Entre as vítimas estão servidores e terceirizades da UNICAMP que estiveram na linha de frente, atendendo nos hospitais e outras funções essenciais, como os casos recentes de Lourdes e Edivânia que eram funcionárias do RU. Estas tristes perdas nos lembram que a universidade não está isolada da sociedade, e o quanto a instituição e a comunidade são diretamente afetadas pelo contexto que as cercam. Como se vê por todo o país, e também na UNICAMP, a precarização imposta pelos cortes vindos dos governos federal e estadual levou à exaustão e à indignação os servidores do setor público, em especial da saúde, e todos os que necessitam destes serviços.

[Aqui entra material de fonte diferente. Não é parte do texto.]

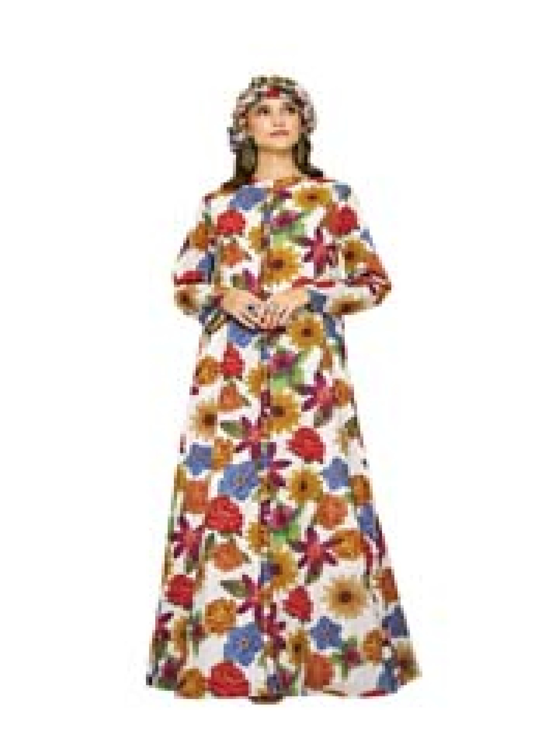 هذه الجلابية ذات القَصّة المُتَوَسِّعة مزينة بطبعة زهور متعددة الألوان التي تنتشر عبر القماش القطني، مما يخلق تصميمًا مفعمًا بالحيوية والجاذبية. تضيف تفاصيل الدانتيل والعمل بالخرز لمسة مرحة، بينما يضمن التصميم المنساب الراحة وسهولة الحركة. مثالية للمناسبات غير الرسمية، تضفي هذه القطعة أجواء صيفية مبهجة على أي خزانة ملابس.

Nós do Juntos! acreditamos que este foi o principal motor para definir o primeiro turno da consulta, que tirou os sucessores da atual gestão – a chapa Sérgio Salles e Eliana Amaral – da disputa. A reitoria de Marcelo Knobel foi uma verdadeira representação do projeto elitista, excludente e precarizante que o governo Dória (PSDB) tem para as estaduais paulistas e que afeta diretamente o caráter público da universidade. Desde antes, mas principalmente durante a pandemia, a reitoria atual emplacou um programa de ajustes que levaram à demissão em massa de terceirizados; congelamento das contratações e nas carreiras de servidores e docentes, levando a sobrecarga de trabalho; além de tentativas e bem sucedidos cortes em políticas de acesso e permanência – como a aprovação da pós lato-sensu paga, tentativa de mudança meritocrática para os critérios das bolsas SAE, e um corte de R$72 milhões em 2020 que afetou diretamente o pagamento das bolsas aluno-artista. As urnas da consulta não deixaram barato e – apesar da grande divisão no resultado – derrotaram de imediato a continuação desse programa pelos próximos 4 anos.
A comunidade, em especial os servidores, indicaram que a experiência com o projeto neoliberal de Knobel deve ser interrompida, e acreditamos que foi assim porque este nunca representou os interesses da maioria na UNICAMP. Agora restam dois programas na disputa. Abaixo falaremos um pouco das chapas, e comparemos algumas das suas propostas:
1. Tom Zé (FEA) e Maria Luiza (FCM): Candidatos com uma forte base de apoio entre os docentes das áreas de humanidades e setores historicamente mais progressistas, contudo são comprometidos ao extremo com a institucionalidade e o limitado modelo atual de democracia universitária. Seu programa econômico em nada garante a autonomia do público, sendo entusiastas de alianças com o setor privado, e na verdade, pouco se difere do que vivemos recentemente. Defendem a informatização do máximo de processos – o que pode substituir a reposição com novas contratações e a precarização do trabalho servidor e docente. Nos debates e programa, apresentaram muitas promessas sem meios claros para concretizá-las, além de pouco se comprometerem ou formularem propostas para questões fundamentais pros estudantes, como no tema da permanência estudantil.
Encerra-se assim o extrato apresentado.